We have used Victory Liner several times in the past, and they seem relatively good. I think out of the 4-5 trips we had, only one driver was a crazy one. The others drove relatively well. However, it only takes one mistake to cause a bad accident. We saw a Bataan bus on NLEX last year that had rear ended a car and pushed it into a line of cars 5-6 deep. Not pretty!


----------



## Asian Spirit (Mar 1, 2010)

DonAndAbby said:


> I have always loved to drive and I need the freedom a vehicle gives. This was one of the key reasons we chose to live in Subic Bay Freeport Zone. The driving is relatively safe and organized. I drive everyday without worries.
> 
> I drove to BI in Intramuros on Thursday, and going to Manila is very stressful!
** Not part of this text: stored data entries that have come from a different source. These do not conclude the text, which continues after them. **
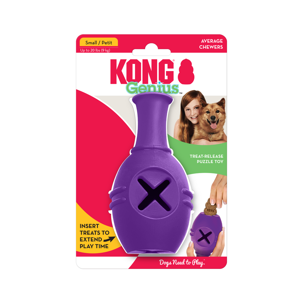 The KONG Genius Leo is named in honor of Leonardo Da Vinci and is designed to stimulate a dog’s curiosity and hold its attention. The toy is great for helping combat boredom and separation anxiety and can be used as a treat dispensing toy on its own - or connected to the Genius Mike for an increased challenge. Genius toys are great for puppies and adult dogs alike.
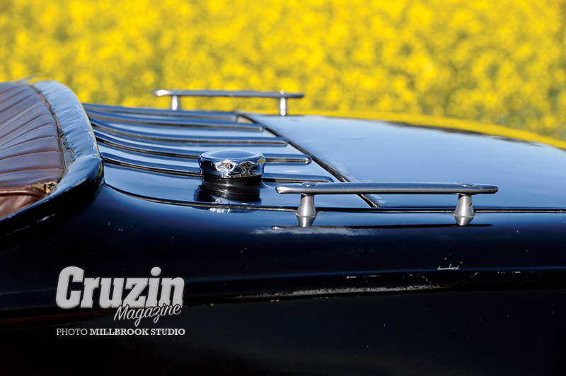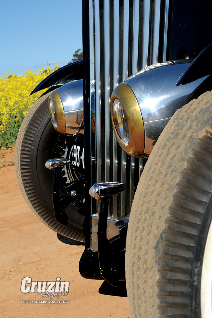 “Most of the parts came from swap meets. I had a new old stock 1932 grill but I also had this Packard grill that I picked up from a swap. I just thought I would have a go and if it didn’t work, I only ruined an old grill. As I didn’t have a showy motor I was always going to have a top so I bartered some electrical work for a mate to roll me a new hood.”
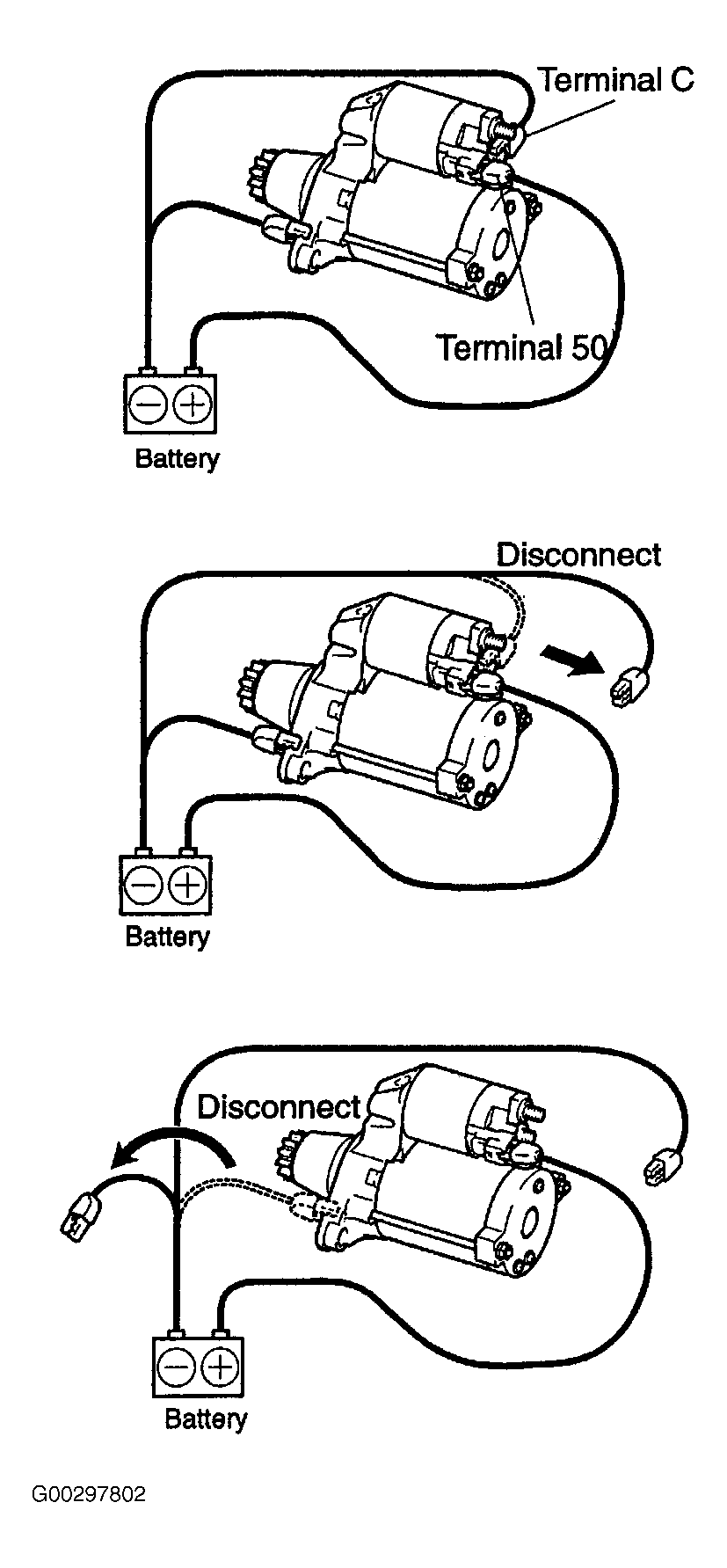 - Clip battery ground to terminal "C" and the main body of the starter, connect the battery positive to the magnetic switch (Terminal 50). Ensure that the clutch pinion gear moves outward. See Fig 1. If the clutch pinion gear does not move, replace the magnetic switch. If specifications are met, got to step 3.
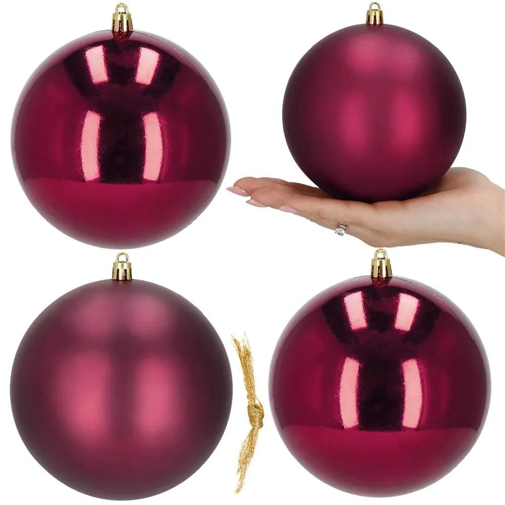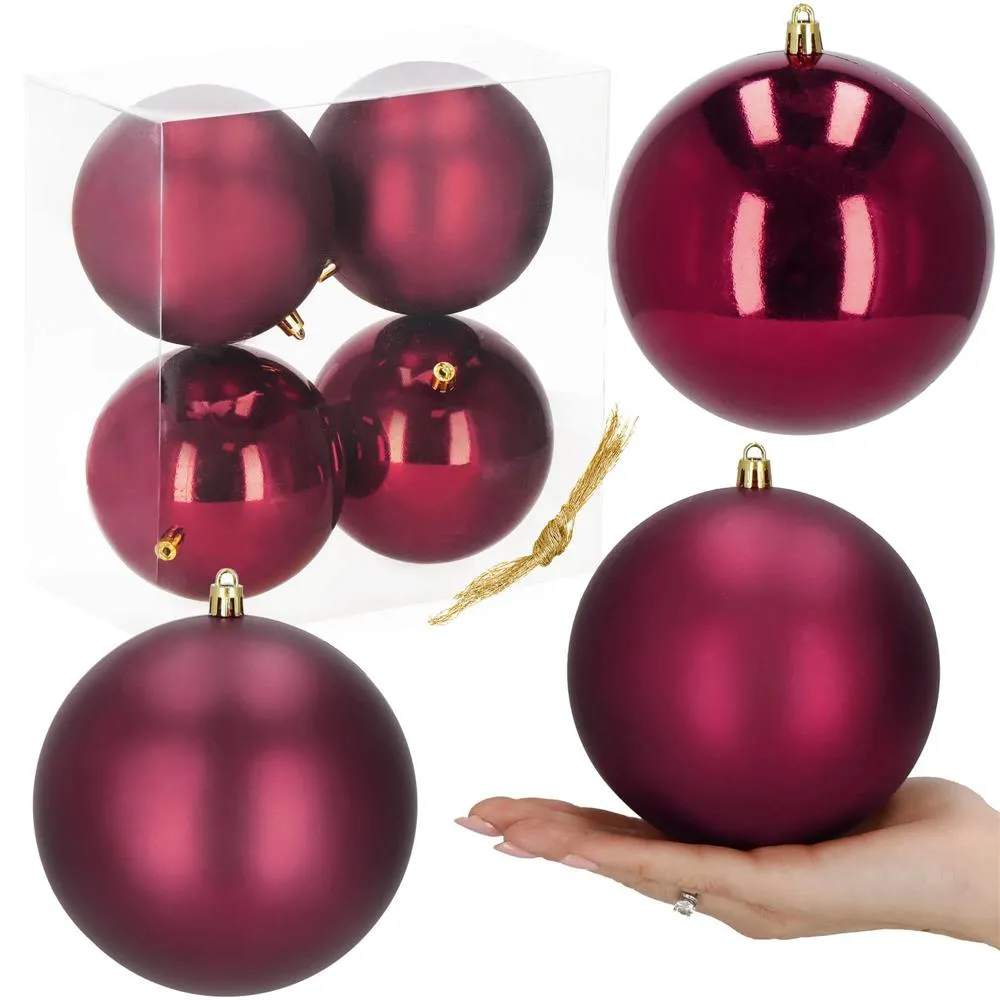 Sada 4 ks XL vínových baniek na stromček s dvoma rôznymi vzormi. Priemer banky 12 cm, pútko na zavesenie, nerozbitný plastový materiál. Krásna ozdoba vianočného stromčeka alebo ako vianočná dekorácia. Zadarmo povrázky pre ľahké zavesenie.

However, when I am outside the freeport I drive like a Filipino, but try to allow an extra margin of safety all the times, and be extra alert.
> 
> ...


Yea, driving over there in SBMA is pretty good with the traffic cops out everywhere. I use to manage the Hungry Marlin resto there and loved driving on base.
I hear about accidents all the time on NLEX and the other expressways. Buses are great vehicles but they won't stop on a dime like a car. A fact that many bus drivers here don't seem to realize till they rear end others on the highway or streets due to tail-gating. In short, they are an accident looking for a place to happen.
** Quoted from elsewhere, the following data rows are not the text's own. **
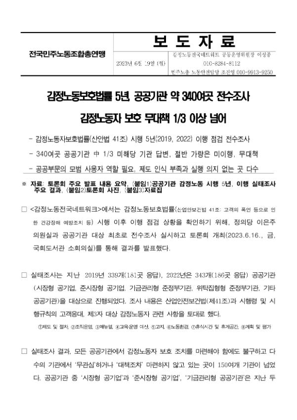 [보도자료] 감정노동보호법률 5년, 공공기관 약 340여곳 전수조사 감정노동자 보호 무대책 13 이상 넘어
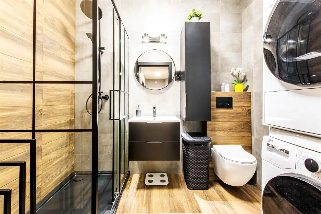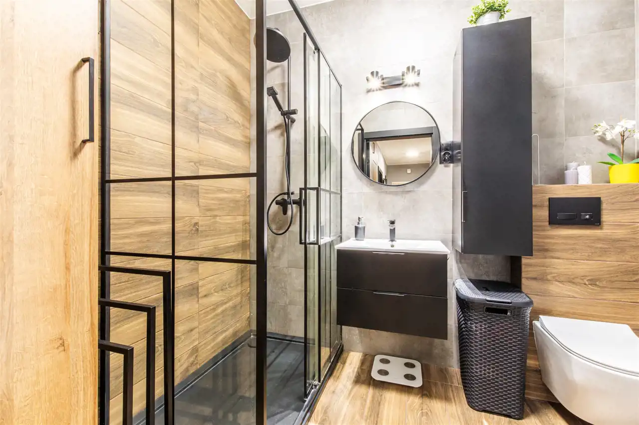 - Łazienka konsekwentne dopełnienie projektu w kolorach czerni i szarości z elementami drewna
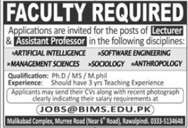 Barani Institute of Management Sciences BIMS invites applications from highly qualified and well experienced individuals for the posts of Artificial Intelligence Lecturer, Software Engineering Assistant Professor, Management Sciences Lecturer, Sociology Lecturer and Anthropology Lecturer in Rawalpindi.
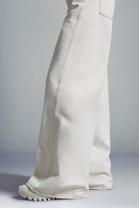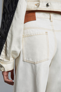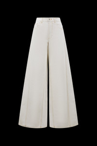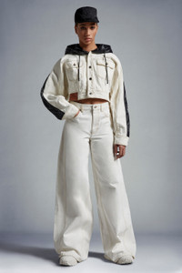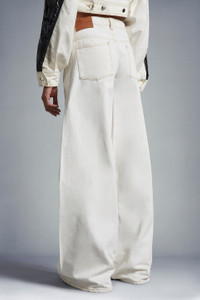 A cool city-ready mix of simplicity and individuality, these wide-leg jeans for women are part of the Moncler x Alicia Keys collection. The latest evolution of Moncler Genius lands in a place where dreams are made, in a defining collaboration with Alicia Keys. These statement, oversized jeans are cut with a wide leg and crafted from bleached denim. - Crafted from bleached denim - Button and zipper closure - 5 pockets with pocket bags in light cotton - Leather label SIZE AND FIT - The model is wearing a size 48 and is 176 cm tall - The model measures: bust 82 cm, waist 63 cm, hips 88 cm COMPOSITION AND CARE BASE FABRIC: 100% Cotton;LEATHER TAG: COW Hand wash; Do not bleach; Do not tumble dry; Ironing maximum temperature 110°C - without steam; Do not dry clean; Do not professionally wet clean; Flat dry in the shade; Wash separately; Do not twist or wring; Do not iron decorations; do not soak; It is advisable to wash and iron the garment on reverse. Product code I109F2A00003M2953032 Made in Italy

Hope you are able to locate a better highway car for yourself without a lot of hassle...


----------



## DonAndAbby (Jan 7, 2013)

Jet Lag said:


> Hope you are able to locate a better highway car for yourself without a lot of hassle...


If you happen to see a good late model diesel for sale, especially from an expat, please let me know. Selection is very limited here in Subic.

I'm considering buying new as well . to avoid all the used car issues here, but I don't want to spend too much. I will keep it a long time as long is performs. Chevy has a new MPV called the SPIN that has a similar footprint as an Avanza, but with a diesel and many more features. First model year is not always a good way to buy but they have a 5 year warranty. It has good reviews for the gas model but I have not found reviews for the diesel yet.


----------



## Asian Spirit (Mar 1, 2010)

DonAndAbby said:


> If you happen to see a good late model diesel for sale, especially from an expat, please let me know. Selection is very limited here in Subic.
> 
> I'm considering buying new as well . to avoid all the used car issues here, but I don't want to spend too much. I will keep it a long time as long is performs. Chevy has a new MPV called the SPIN that has a similar footprint as an Avanza, but with a diesel and many more features. First model year is not always a good way to buy but they have a 5 year warranty. It has good reviews for the gas model but I have not found reviews for the diesel yet.


We are in kinda a off the beaten path area but I'll keep my eyes pealed. The local (online) Philippine sale site for all types of items might be the place to look around. Also there are car/vehicle auctions on the road to Cubi Point. The ex owner of the Swagman Hotel's bought many cars and vans there and always had good luck..


----------



## cvgtpc1 (Jul 28, 2012)

If used is ok have your wife put the family telegraph to use, there's always a friend or somebody selling something. Brother-in-law got a great deal on a used Hyundai van several weeks ago that way. I drove it and was surprised how good it was and looked for the price after hearing all the horror stories.


----------



## DonAndAbby (Jan 7, 2013)

cvgtpc1 said:


> If used is ok have your wife put the family telegraph to use, there's always a friend or somebody selling something. Brother-in-law got a great deal on a used Hyundai van several weeks ago that way. I drove it and was surprised how good it was and looked for the price after hearing all the horror stories.


Yes, I have put the word out with friends and family, but we don't have any family nearby.


----------